AIM OF THE TASK: Look for the line containing "Lord Ganesha, the" and the line containing "Coprite le tegliette" in the entries below. Copy those two and all lines between them exactly, leaving out pictures.

DATA EXTRACT:
= Beginning of Section =

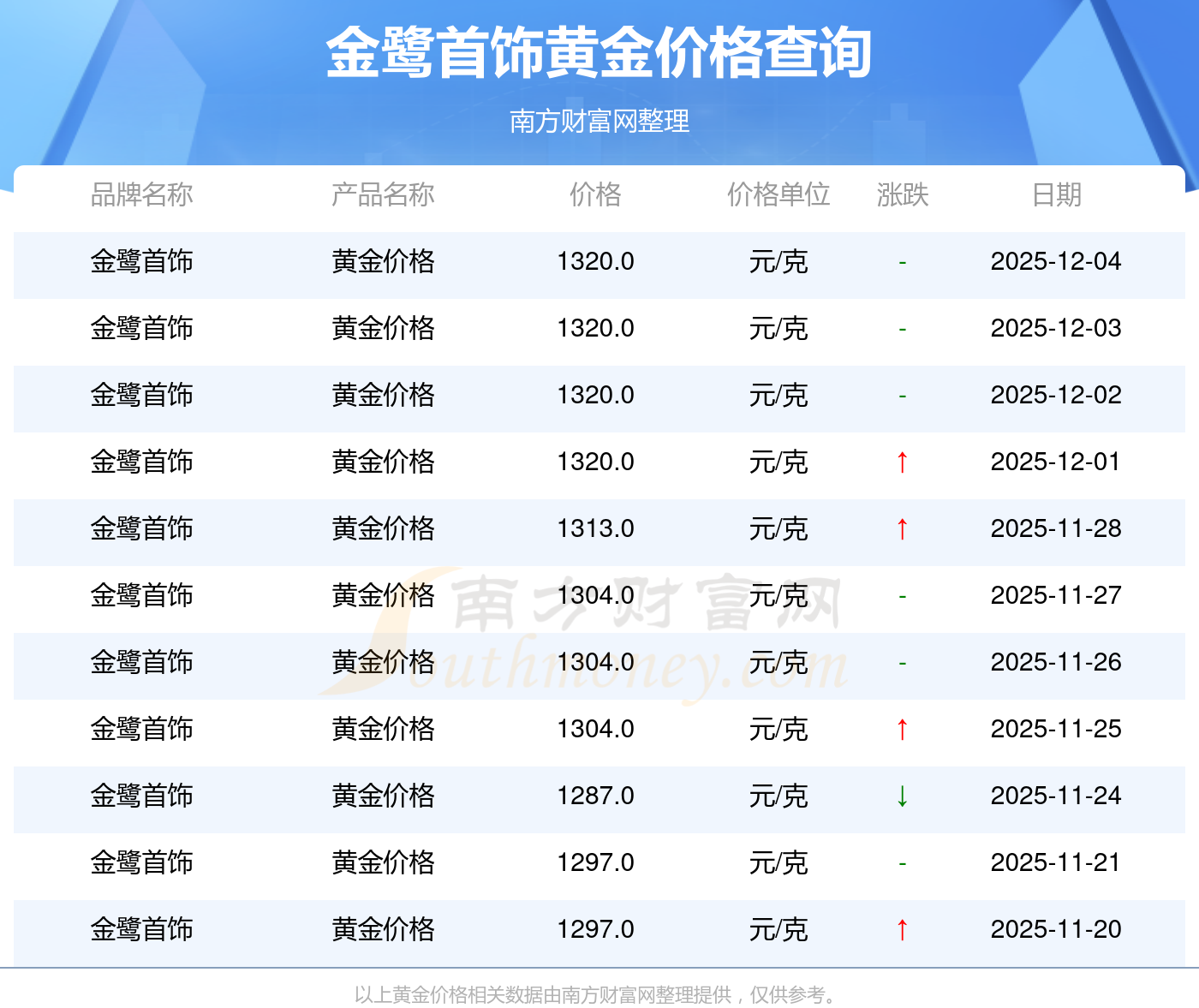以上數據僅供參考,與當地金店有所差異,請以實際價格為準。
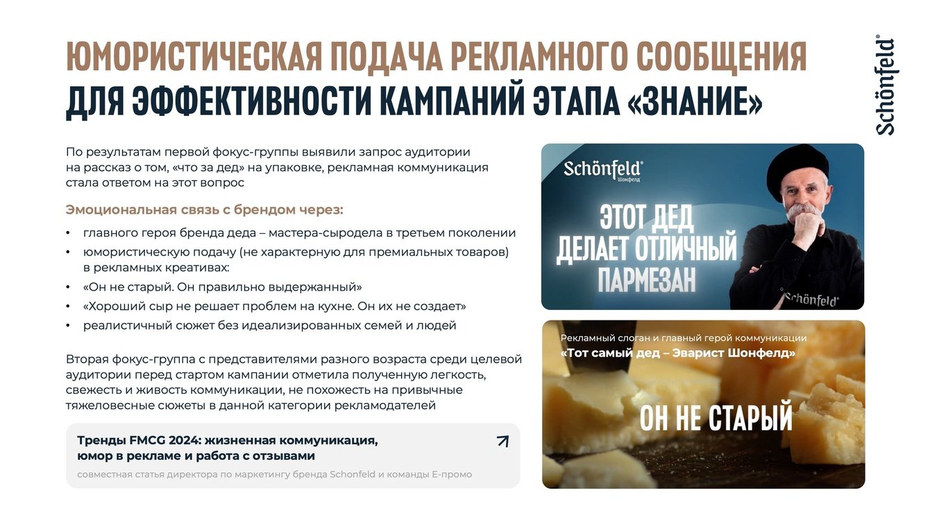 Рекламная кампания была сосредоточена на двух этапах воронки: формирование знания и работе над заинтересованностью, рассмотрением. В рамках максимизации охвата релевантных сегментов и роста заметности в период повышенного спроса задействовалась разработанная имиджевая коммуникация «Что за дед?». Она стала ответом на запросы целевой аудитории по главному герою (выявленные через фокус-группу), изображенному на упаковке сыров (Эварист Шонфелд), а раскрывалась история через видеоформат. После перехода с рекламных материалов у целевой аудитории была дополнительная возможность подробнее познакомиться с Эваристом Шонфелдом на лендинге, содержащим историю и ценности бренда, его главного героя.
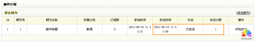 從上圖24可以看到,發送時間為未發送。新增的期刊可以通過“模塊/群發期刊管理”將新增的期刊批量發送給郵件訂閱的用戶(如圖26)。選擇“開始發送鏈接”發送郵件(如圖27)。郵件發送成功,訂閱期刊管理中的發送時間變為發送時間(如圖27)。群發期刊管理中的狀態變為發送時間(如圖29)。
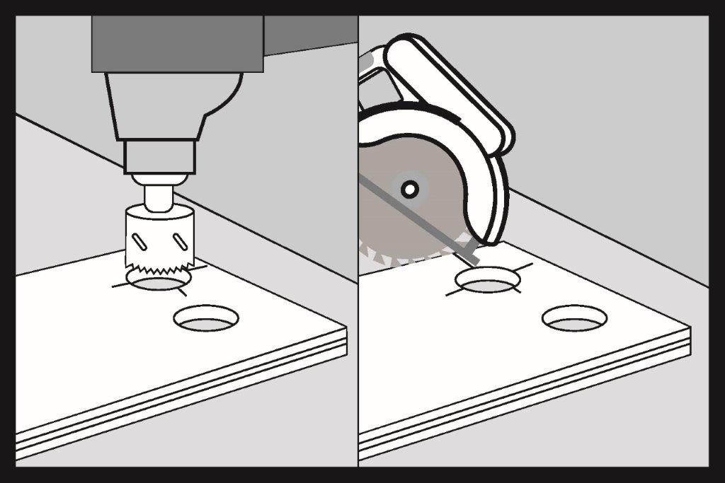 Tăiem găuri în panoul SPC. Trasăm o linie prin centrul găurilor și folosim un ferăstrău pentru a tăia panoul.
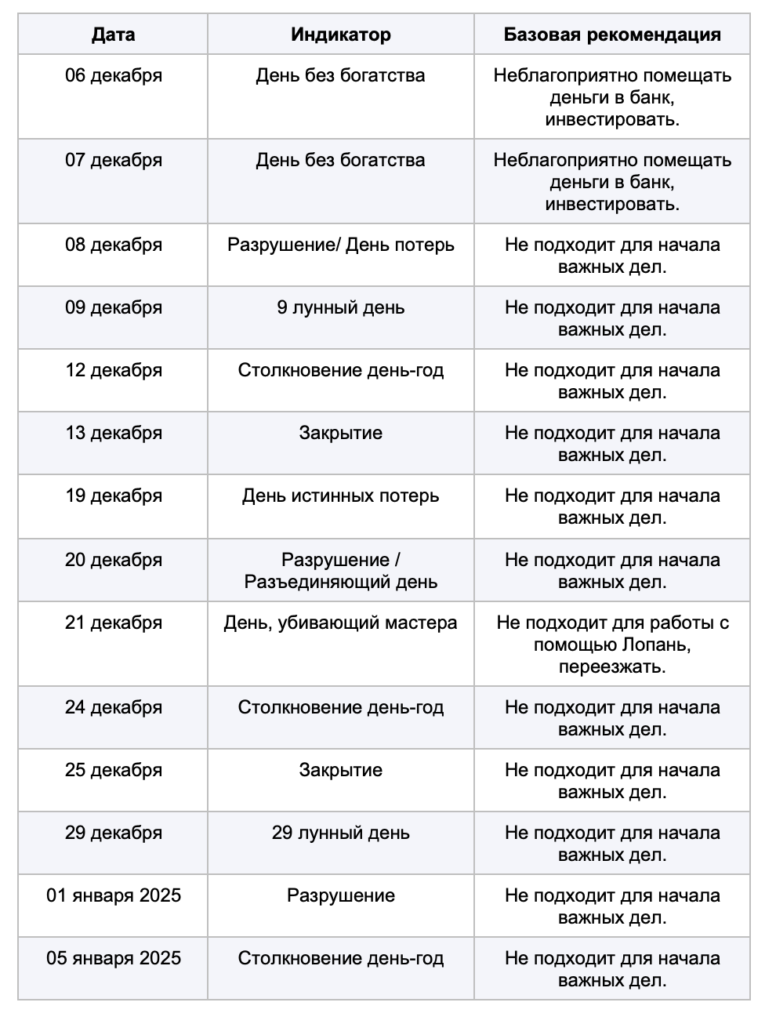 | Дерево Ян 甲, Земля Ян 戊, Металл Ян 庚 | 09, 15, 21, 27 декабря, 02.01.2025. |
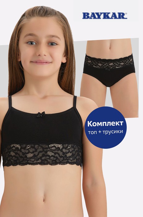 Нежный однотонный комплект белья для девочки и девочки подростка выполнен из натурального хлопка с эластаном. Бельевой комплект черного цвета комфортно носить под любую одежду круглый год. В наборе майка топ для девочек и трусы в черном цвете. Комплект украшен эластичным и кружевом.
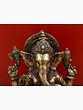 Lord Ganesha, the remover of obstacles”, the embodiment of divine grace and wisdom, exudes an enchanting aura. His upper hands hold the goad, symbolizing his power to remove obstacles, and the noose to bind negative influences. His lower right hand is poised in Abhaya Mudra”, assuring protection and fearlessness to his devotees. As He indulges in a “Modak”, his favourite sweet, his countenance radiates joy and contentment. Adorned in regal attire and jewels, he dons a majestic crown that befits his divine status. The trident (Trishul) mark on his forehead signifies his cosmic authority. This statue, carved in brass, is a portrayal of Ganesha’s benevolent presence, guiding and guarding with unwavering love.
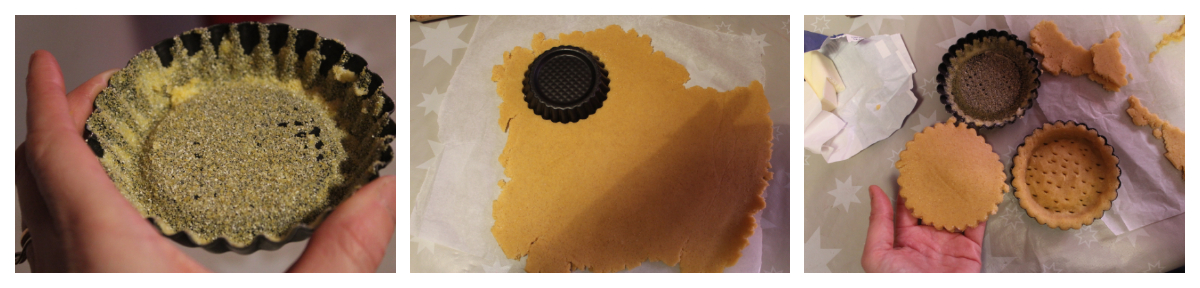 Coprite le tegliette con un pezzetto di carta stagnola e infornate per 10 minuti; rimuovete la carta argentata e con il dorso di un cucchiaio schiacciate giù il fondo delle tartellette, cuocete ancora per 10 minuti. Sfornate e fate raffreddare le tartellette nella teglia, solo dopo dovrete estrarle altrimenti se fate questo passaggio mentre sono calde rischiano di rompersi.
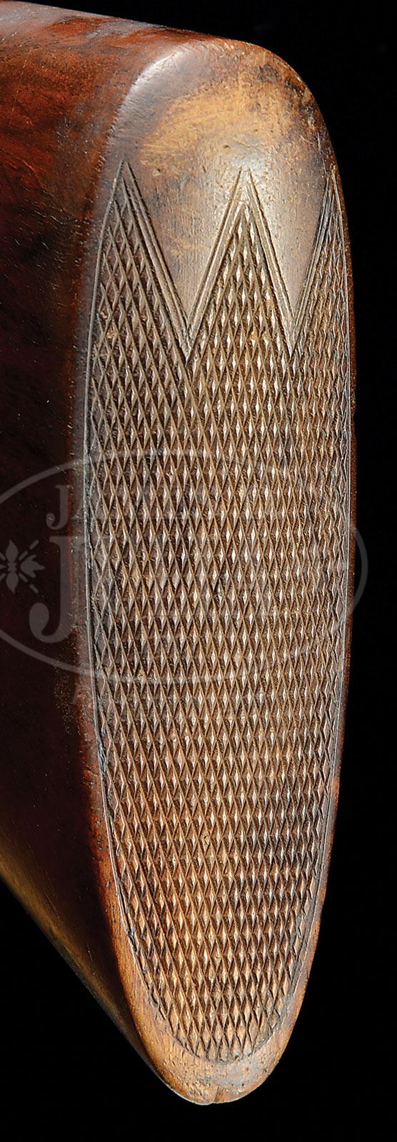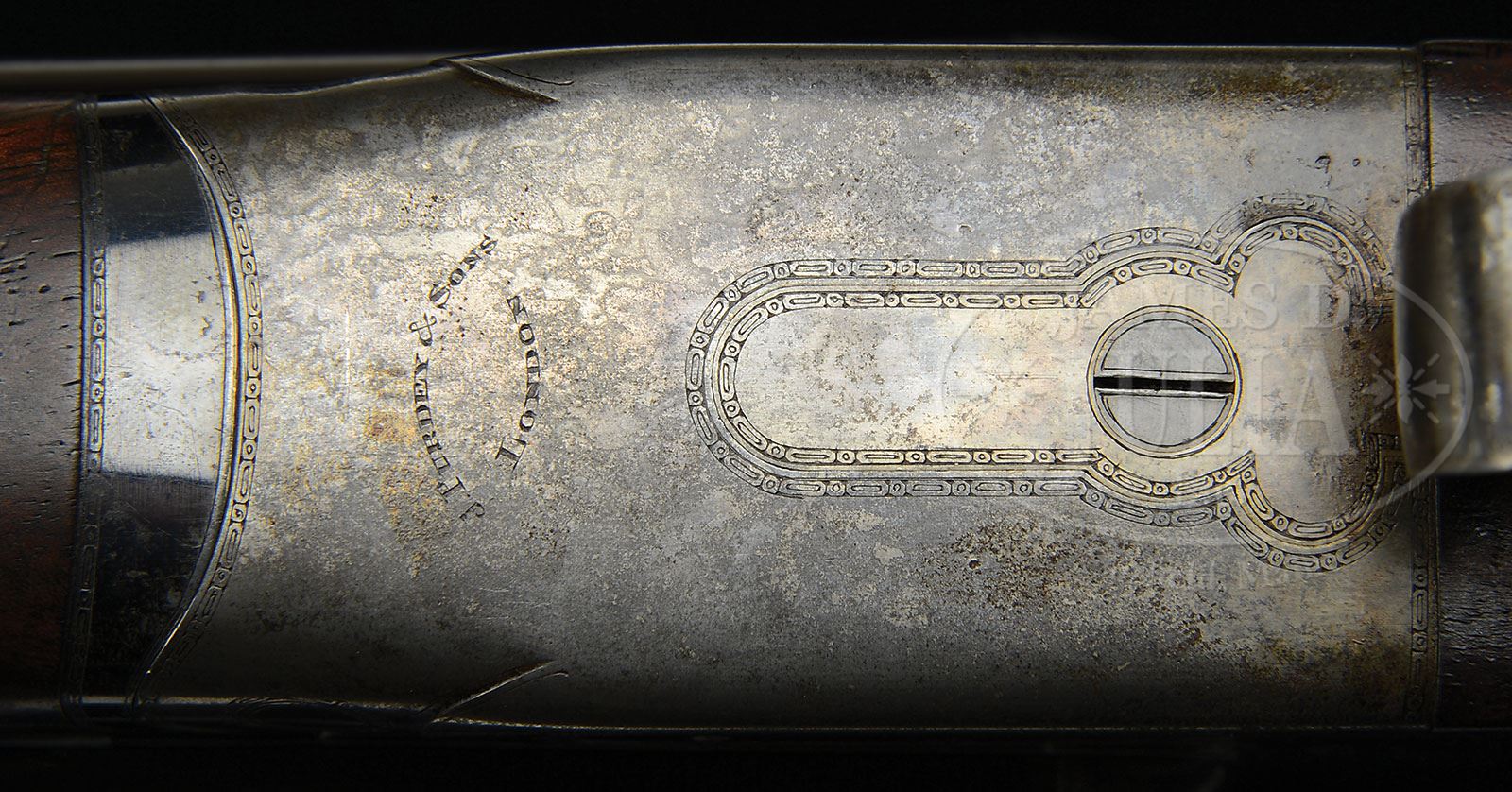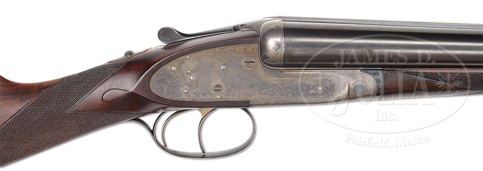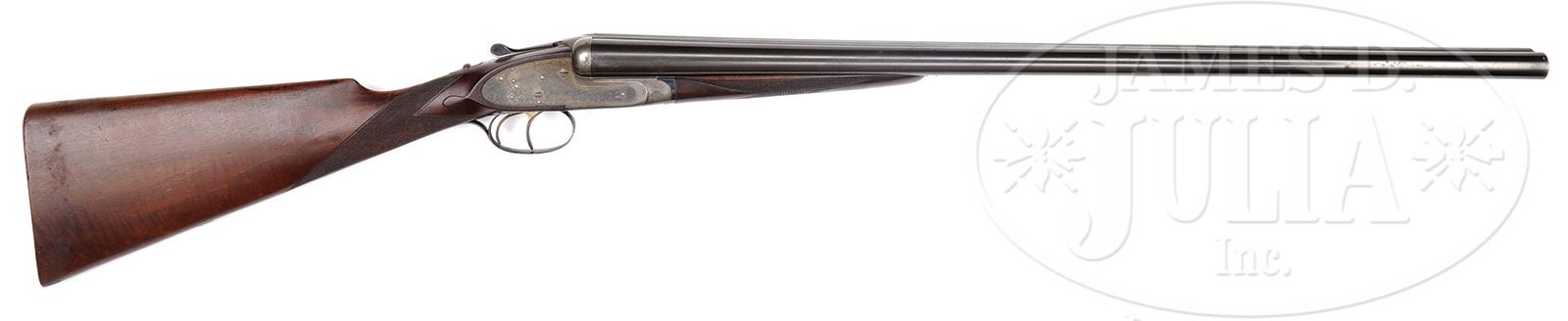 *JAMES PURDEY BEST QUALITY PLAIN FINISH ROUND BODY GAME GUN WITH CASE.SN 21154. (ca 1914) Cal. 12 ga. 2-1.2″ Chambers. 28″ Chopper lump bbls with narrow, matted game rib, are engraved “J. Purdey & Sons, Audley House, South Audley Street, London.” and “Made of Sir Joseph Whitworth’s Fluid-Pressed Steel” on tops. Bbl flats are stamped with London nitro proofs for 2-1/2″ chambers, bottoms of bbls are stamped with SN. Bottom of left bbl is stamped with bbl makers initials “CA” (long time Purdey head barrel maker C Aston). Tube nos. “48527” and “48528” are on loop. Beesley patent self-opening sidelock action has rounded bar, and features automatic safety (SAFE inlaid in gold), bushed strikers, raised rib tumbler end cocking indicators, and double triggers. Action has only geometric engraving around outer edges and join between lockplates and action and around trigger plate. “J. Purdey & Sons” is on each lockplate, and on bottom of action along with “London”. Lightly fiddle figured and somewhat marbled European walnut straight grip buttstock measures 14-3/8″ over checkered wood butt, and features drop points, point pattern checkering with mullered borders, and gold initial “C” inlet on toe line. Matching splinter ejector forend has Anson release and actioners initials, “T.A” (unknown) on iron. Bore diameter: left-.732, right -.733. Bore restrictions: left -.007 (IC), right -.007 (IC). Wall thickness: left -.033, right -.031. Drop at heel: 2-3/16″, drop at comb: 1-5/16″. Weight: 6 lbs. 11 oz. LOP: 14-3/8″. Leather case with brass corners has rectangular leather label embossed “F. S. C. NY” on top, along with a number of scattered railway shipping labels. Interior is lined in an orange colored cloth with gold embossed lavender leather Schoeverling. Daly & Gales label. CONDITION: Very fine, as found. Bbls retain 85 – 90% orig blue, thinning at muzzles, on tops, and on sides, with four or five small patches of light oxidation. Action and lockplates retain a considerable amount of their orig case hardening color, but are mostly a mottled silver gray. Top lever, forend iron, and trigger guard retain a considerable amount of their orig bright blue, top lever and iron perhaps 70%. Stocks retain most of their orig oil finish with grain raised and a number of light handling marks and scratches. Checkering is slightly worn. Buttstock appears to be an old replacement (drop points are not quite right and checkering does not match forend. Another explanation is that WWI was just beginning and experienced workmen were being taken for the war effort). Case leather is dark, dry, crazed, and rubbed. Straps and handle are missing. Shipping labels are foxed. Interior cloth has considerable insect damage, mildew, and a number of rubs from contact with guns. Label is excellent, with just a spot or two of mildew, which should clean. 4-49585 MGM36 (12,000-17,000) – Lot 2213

= End of Section =

ANSWER TO THE PROBLEM:
 Lord Ganesha, the remover of obstacles”, the embodiment of divine grace and wisdom, exudes an enchanting aura. His upper hands hold the goad, symbolizing his power to remove obstacles, and the noose to bind negative influences. His lower right hand is poised in Abhaya Mudra”, assuring protection and fearlessness to his devotees. As He indulges in a “Modak”, his favourite sweet, his countenance radiates joy and contentment. Adorned in regal attire and jewels, he dons a majestic crown that befits his divine status. The trident (Trishul) mark on his forehead signifies his cosmic authority. This statue, carved in brass, is a portrayal of Ganesha’s benevolent presence, guiding and guarding with unwavering love.
 Coprite le tegliette con un pezzetto di carta stagnola e infornate per 10 minuti; rimuovete la carta argentata e con il dorso di un cucchiaio schiacciate giù il fondo delle tartellette, cuocete ancora per 10 minuti. Sfornate e fate raffreddare le tartellette nella teglia, solo dopo dovrete estrarle altrimenti se fate questo passaggio mentre sono calde rischiano di rompersi.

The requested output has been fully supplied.